»»

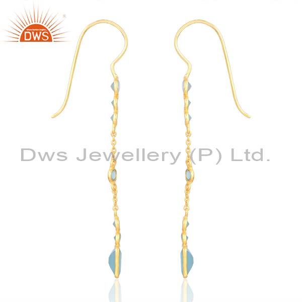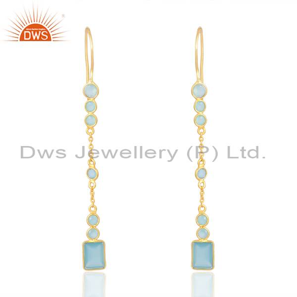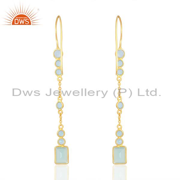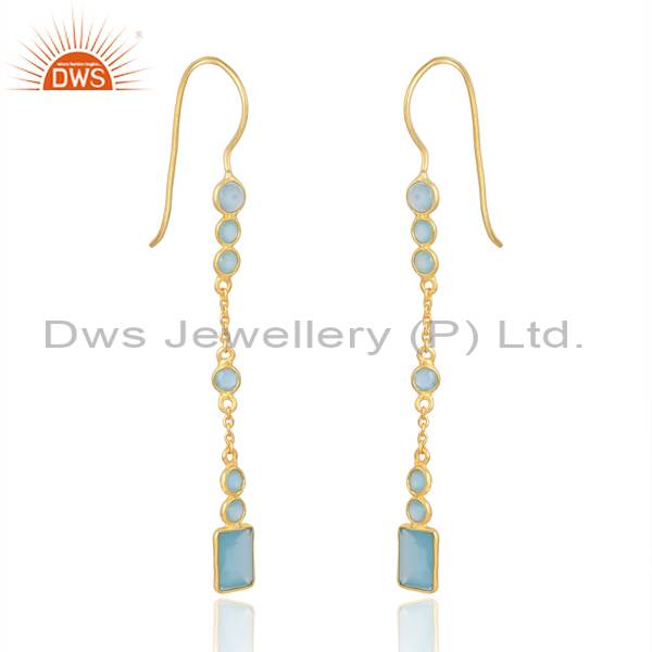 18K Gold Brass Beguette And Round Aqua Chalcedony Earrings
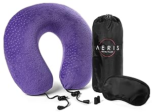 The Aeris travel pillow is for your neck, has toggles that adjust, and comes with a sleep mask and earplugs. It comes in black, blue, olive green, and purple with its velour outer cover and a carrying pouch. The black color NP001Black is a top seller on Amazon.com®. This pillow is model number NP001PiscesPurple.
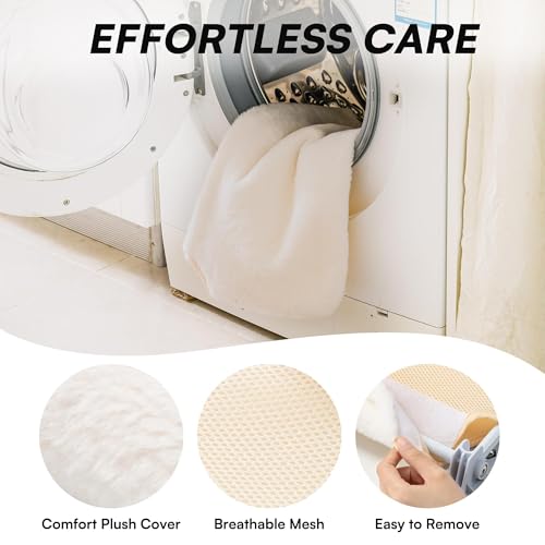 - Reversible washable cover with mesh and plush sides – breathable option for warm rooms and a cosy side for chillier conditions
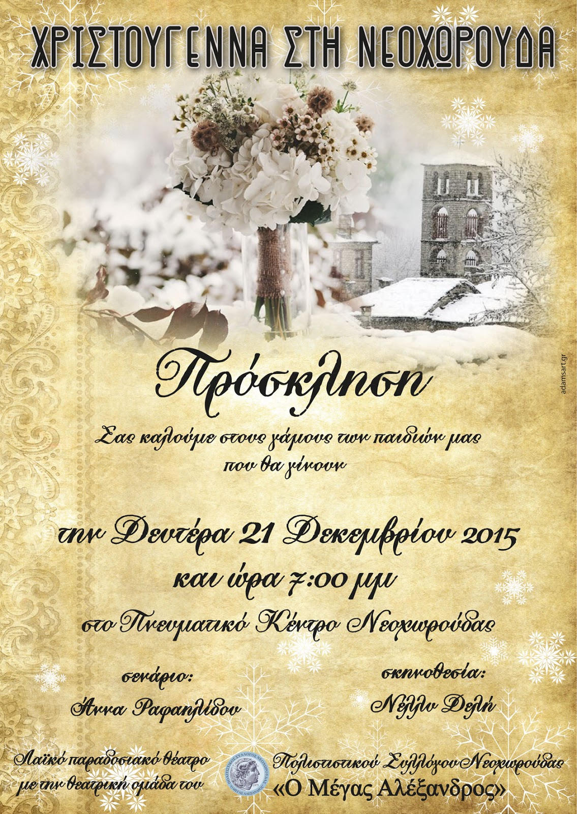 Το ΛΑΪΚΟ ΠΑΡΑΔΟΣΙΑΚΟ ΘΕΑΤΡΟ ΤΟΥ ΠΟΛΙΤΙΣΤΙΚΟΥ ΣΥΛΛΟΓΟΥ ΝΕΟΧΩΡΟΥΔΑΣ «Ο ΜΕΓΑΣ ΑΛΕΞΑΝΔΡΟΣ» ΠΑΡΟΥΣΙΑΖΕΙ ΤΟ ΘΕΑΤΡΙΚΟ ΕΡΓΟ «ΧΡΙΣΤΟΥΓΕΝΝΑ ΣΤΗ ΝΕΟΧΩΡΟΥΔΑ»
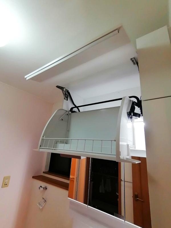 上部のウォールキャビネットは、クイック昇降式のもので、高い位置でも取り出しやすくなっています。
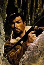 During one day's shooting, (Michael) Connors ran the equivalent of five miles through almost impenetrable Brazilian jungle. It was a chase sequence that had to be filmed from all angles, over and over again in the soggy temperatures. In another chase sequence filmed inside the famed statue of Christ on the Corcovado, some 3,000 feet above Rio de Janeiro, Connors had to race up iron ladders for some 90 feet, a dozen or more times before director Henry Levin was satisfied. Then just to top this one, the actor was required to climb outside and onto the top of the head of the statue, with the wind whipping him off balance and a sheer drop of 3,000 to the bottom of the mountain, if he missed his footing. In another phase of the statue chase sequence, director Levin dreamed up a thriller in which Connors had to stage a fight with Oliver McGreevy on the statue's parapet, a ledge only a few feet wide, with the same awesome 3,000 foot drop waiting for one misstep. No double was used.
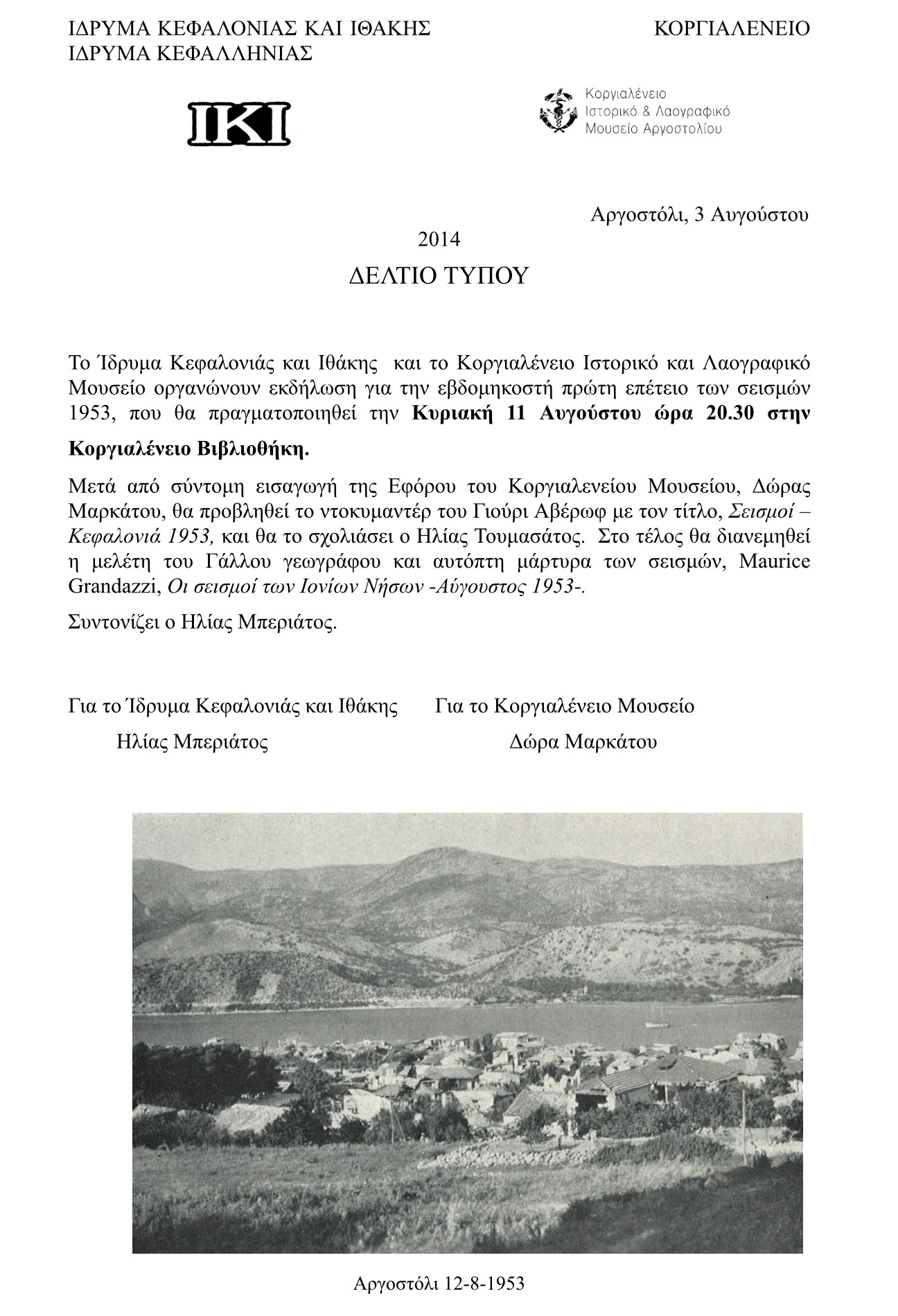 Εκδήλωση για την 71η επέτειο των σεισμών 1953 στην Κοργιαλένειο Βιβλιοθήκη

««
»»

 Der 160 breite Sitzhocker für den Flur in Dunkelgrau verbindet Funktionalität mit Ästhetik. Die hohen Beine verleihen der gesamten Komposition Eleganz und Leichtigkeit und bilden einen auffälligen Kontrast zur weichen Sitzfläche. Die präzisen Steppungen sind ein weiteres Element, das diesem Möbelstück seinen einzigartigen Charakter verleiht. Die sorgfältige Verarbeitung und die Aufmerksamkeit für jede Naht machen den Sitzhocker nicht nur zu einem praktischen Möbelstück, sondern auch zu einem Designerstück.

««

WHAT THIS TASK INVOLVES: Starting with the line that contains "18K Gold Brass" and finishing with the line that contains "上部のウォールキャビネットは", reproduce every line of the material above exactly, but not the pictures.

TASK OUTPUT:
 18K Gold Brass Beguette And Round Aqua Chalcedony Earrings
 The Aeris travel pillow is for your neck, has toggles that adjust, and comes with a sleep mask and earplugs. It comes in black, blue, olive green, and purple with its velour outer cover and a carrying pouch. The black color NP001Black is a top seller on Amazon.com®. This pillow is model number NP001PiscesPurple.
 - Reversible washable cover with mesh and plush sides – breathable option for warm rooms and a cosy side for chillier conditions
 Το ΛΑΪΚΟ ΠΑΡΑΔΟΣΙΑΚΟ ΘΕΑΤΡΟ ΤΟΥ ΠΟΛΙΤΙΣΤΙΚΟΥ ΣΥΛΛΟΓΟΥ ΝΕΟΧΩΡΟΥΔΑΣ «Ο ΜΕΓΑΣ ΑΛΕΞΑΝΔΡΟΣ» ΠΑΡΟΥΣΙΑΖΕΙ ΤΟ ΘΕΑΤΡΙΚΟ ΕΡΓΟ «ΧΡΙΣΤΟΥΓΕΝΝΑ ΣΤΗ ΝΕΟΧΩΡΟΥΔΑ»
 上部のウォールキャビネットは、クイック昇降式のもので、高い位置でも取り出しやすくなっています。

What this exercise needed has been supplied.